Did the publishers back in 1813 have any inkling of the level of popularity Jane Austen’s Pride and Prejudice would reach? Possibly not. Yet, 200 years later, that appeal is still palpable, so English author Jo Baker has either done a very smart or a very naive thing with her new novel Longbourn, a retelling of the classic tale from the servant quarters’ viewpoint.
Of course, with the global success of Downton Abbey, there is a certain appetite for upstairs/downstairs period pieces, but Longbourn, the name of the Bennet family’s country estate, is more than that. Inherent in this tale of endless wash days, loveless marriages and secret pasts is a pertinent examination of the class war that would inevitably topple the aristocrats from their lofty heights a century later.
“However much I identified with Elizabeth, I knew that if I’d lived in Austen’s day, I wouldn’t have got to go to the ball,” says Jo Baker about her inspiration for the book.
“My family were in service not so long ago — my grandma and her sisters all worked as maids.
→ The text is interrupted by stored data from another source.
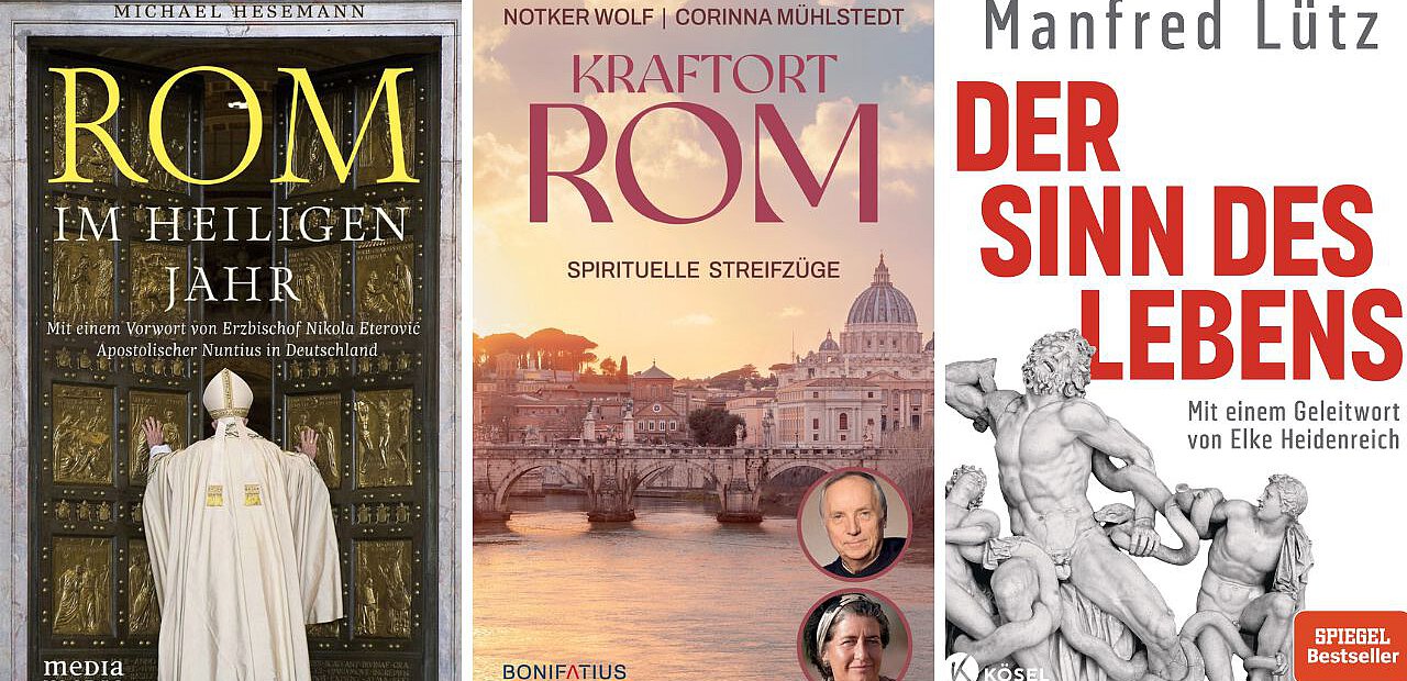 Auch wer meint, alles in Rom schon gesehen zu haben, wird bei dieser spirituellen Reise von Notker Wolf (verstorben am 2. April 2024) und Corinna Mühlstedt durch die Ewige Stadt fündig. Michael Hesemann präsentiert die Tradition der Heiligen Jahre, die vier Papstbasiliken mit ihren Heiligen Pforten, die sieben Pilgerkirchen und die 40 römischen Gotteshäuser und Katakomben, die nicht nur 2025 eine Rolle spielen. In dem Buch „Der Sinn des Lebens“ spannt der Arzt, Psychiater, Theologe und Bestsellerautor Manfred Lütz einen Bogen von der Darstellung der römischen Wölfin, die Romulus und Remus säugt, bis hin zu den Kunstwerken des Argentiniers Alejandro Marmo, die Papst Franziskus in den Vatikanischen Gärten hat aufstellen lassen.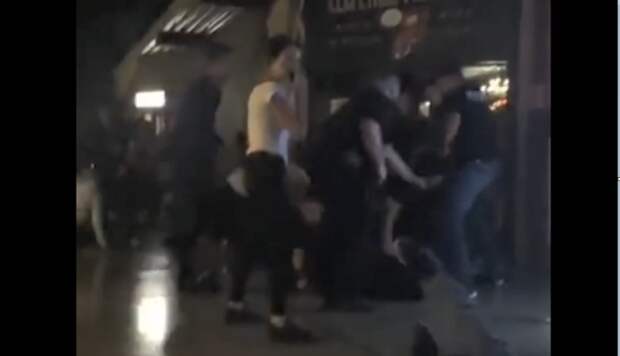 На кадрах видно, что сначала драка завязалась между двумя людьми, но вскоре вмешались остальные.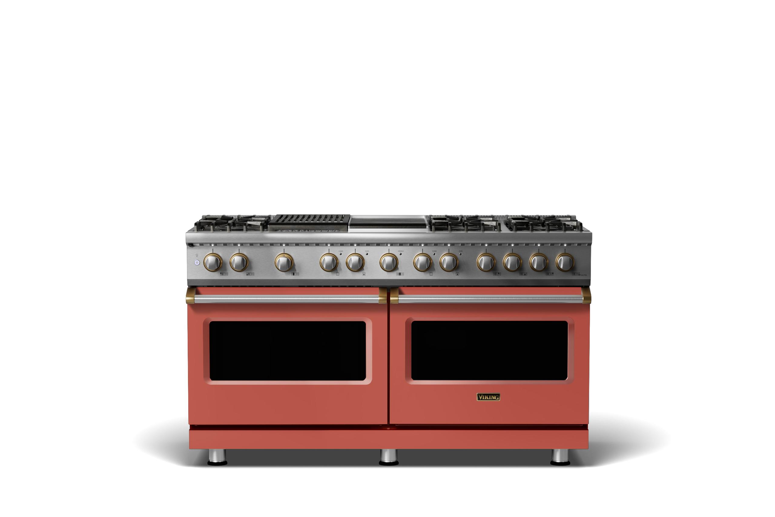 60"W.Dual Fuel Range {Finish=Spiced Cider, Trim=Brushed Brass, Fuel=Propane}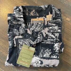 Bobby Chan Silk Hawaiian Shirt Men’s L Black Tan Palm Tree Aloha NWT Resort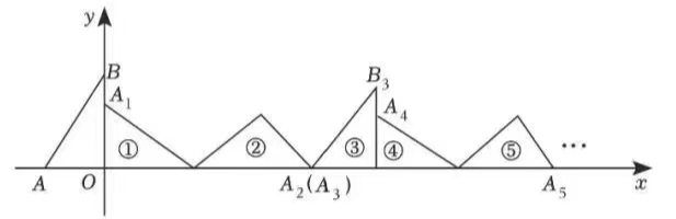 如图, 在平面直角坐标系中, 已知点 $A(-3,0), B(0,4)$, 将 Rt $\triangle A B O$ 顺着 $x$ 轴无滑动的滚动. 第一次滚动到①的位置, 点 $A$ 的对应点记作点 $A_1$; 第二次滚动到② 的位置, 点 $A_1$ 的对应点记作点 $A_2$; 第三次滚动到③的位置, 点 $A_2$ 的对应点记作点 $A_3 ; \cdots$ 依次进行下去, 发地点 $A(-3,0), A_1(0,3), A_2(9,0), \cdots$, 则点 $A_{2023}$ 的坐标为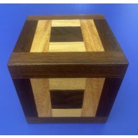 Sonneveld Cubed Burr designed by Dick Sonneveld and superbly crafted by Tom Lensch in Shedua, Prima Vera & Granadillo.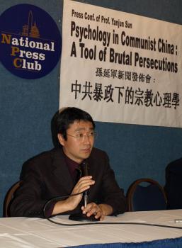 中国首都師範大学心理学の元助教授・孫延軍博士は、米国ナショナル・記者クラブで記者会見を開き、中共が宗教の科学研究を利用し、民間の宗教団体を迫害することを暴露した(撮影・亦平=大紀元…

Knowing that, it perhaps made me more aware than I otherwise would have been of the servants’ presence in the book [Pride and Prejudice]. The errands that are run, the meals served — it’s rather pragmatic of me, perhaps, but I found myself wondering, who washed Elizabeth’s petticoats when she got them inches deep in mud?”
The story of Sarah, a housemaid whose passion and knuckle-bleeding work ethic put the Bennet sisters’ self-indulgent shenanigans to shame and whose unerring love for new footman James drives her to seemingly reckless abandon, runs in parallel to Elizabeth Bennet’s own famous love affair with the haughty Mr Darcy. Interwoven are a clutch of intriguing sub-plots.
The arrival of black footman Ptolemy in housekeeper Mrs Hill’s kitchen and Sarah’s instant attraction to this exotic creature provides pause for thought, as does the truth of Mrs Hill’s own marriage of convenience, teasingly revealed, and of her unique relationship with the head of the house. And tying the strands together is the arrival of footman James, who is hired with no references and a back story ridden with holes.
Who is this tortured soul? Why does he shy away from the militiamen who call on the ladies of the house? What brutal things have happened to make him so mistrustful? And will he and Sarah ever be together? Although a little plodding at the start, the pace soon picks up with deeply affecting war scenes and a warmth to the central characters that pays definite homage to Jane Austen’s creations.